医療・健康・食
「不妊治療」は魔法の技術ではない!障害や命の危険…母子ともにリスクの高いお産の現実
「コウノドリ」の産科医が説く
TBS「コウノドリ」HPより

妊娠・出産をテーマにした大好評のドラマ『コウノドリ』。主人公・鴻鳥サクラのモデルになった荻田和秀氏(大阪りんくう総合医療センター泉州広域母子医療センター長)に産科医の仕事、不妊治療のリスクについて聞いた

僕のクライアントは赤ちゃんです

産科医の最大の使命は「赤ちゃんの声なき声を聞くこと」です。

たとえば、妊婦さんや赤ちゃんの命に危険が迫って、選択肢に詰まったとき。いや、本当は詰まってはいけないのですが、緊急事態が起こったときに、僕らはどうするか。

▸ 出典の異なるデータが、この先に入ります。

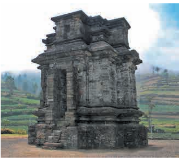
Dvaravati style of temple architecture

The ancient Thai people Thailand: referred to their country as 'Mueng Thai'. However, it was known in the world as 'Siam'. In the 20th century its name was changed to 'Thailand'. Thailand was ruled from the 6th to the 11th century by 'Mon' people. At that time it was known as 'Dvaravati'. Indian culture was introduced and spread in Thailand in the 'Dvaravati' period. The Indian traditions of sculpture, literature, ethics, judicial science, etc. had a great role in shaping up the Mon culture. Compared to other kingdoms in Southeast Asia the kingdom of Dvaravati was smaller and weaker. However, it contributed greatly development the of writing, administration, religion and science, etc. in the other kingdoms. The remains of sculptures and architecture of the Dvaravati period have been found in the vicinity of the cities like Lop Buri (Lao Puri) and Ayuttha (Ayodhya).

次の瞬間に何が起こるかわからない状況で、よりどころにするのはエビデンスです。「この処置をすれば70%の人が助かる」というエビデンスがあれば、それを選択せざるを得ません。水晶玉を見て適当なことを言う占い師と違って、僕らは常に選択を迫られます。30%の人が助からないとしても、その処置を行うしかないのです。心の中では常に「この妊婦さんが自分の嫁ハンだったらどうする?」と思って、最善を尽くすしかありません。